Data provided:
──────────────────────────────

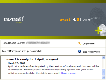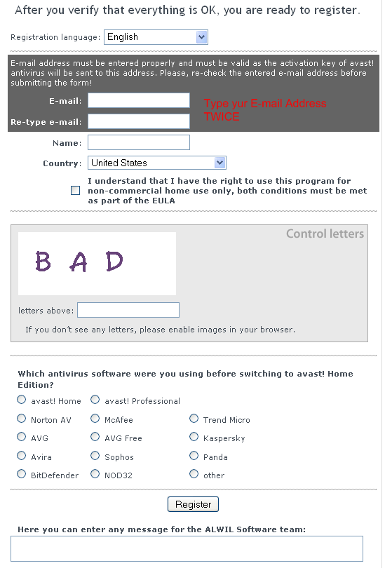 Users can get to the registration web site several different ways. They can click on the “avast! Home Registration page” link, which will open the site in their default web browser.
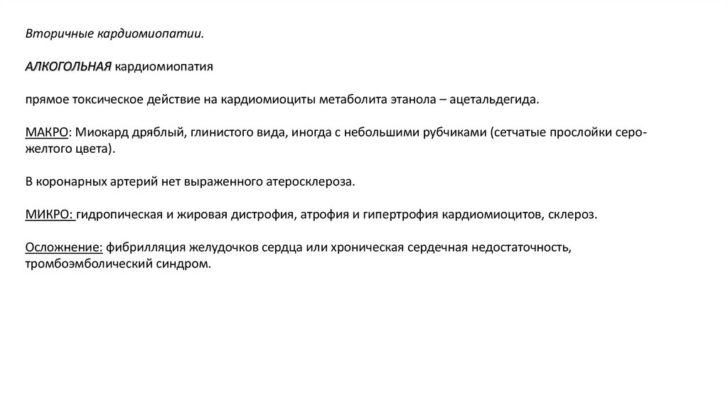 Вторичные кардиомиопатии.АЛКОГОЛЬНАЯ кардиомиопатия
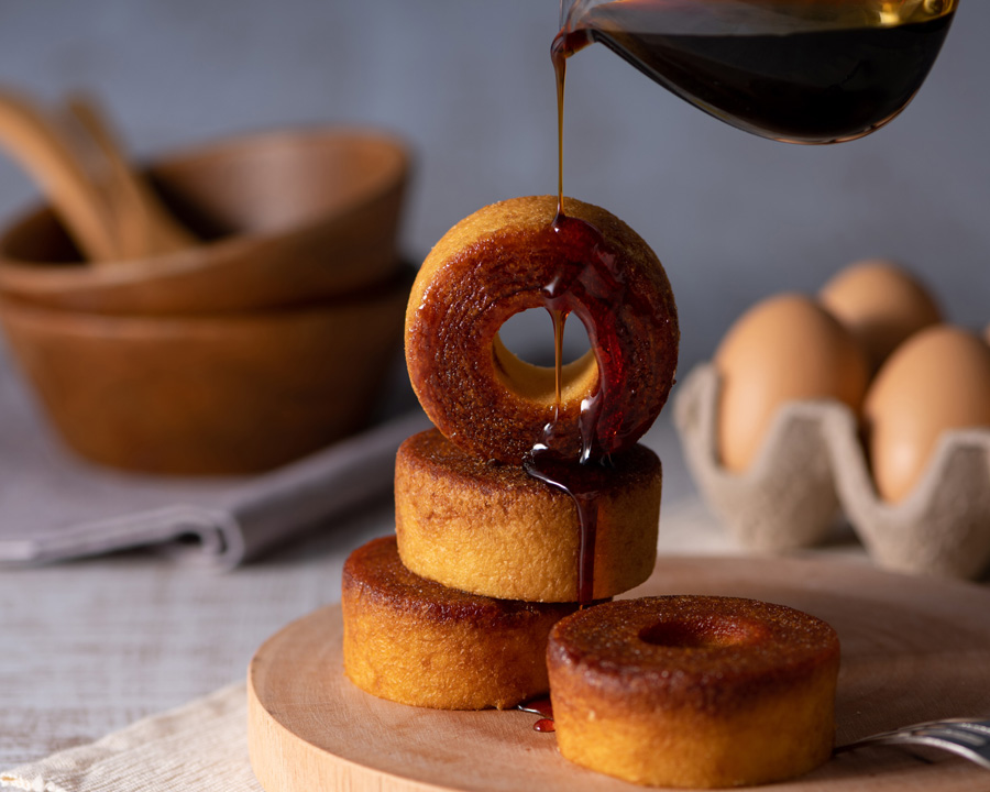 しっとりバームクーヘンにカラメルソースをまとわせ、砂糖をかけてさらに焼き上げた

──────────────────────────────

Task to carry out: With the pictures set aside, write out the whole listing exactly.

Reply to the exercise:
 Users can get to the registration web site several different ways. They can click on the “avast! Home Registration page” link, which will open the site in their default web browser.
 Вторичные кардиомиопатии.АЛКОГОЛЬНАЯ кардиомиопатия
 しっとりバームクーヘンにカラメルソースをまとわせ、砂糖をかけてさらに焼き上げた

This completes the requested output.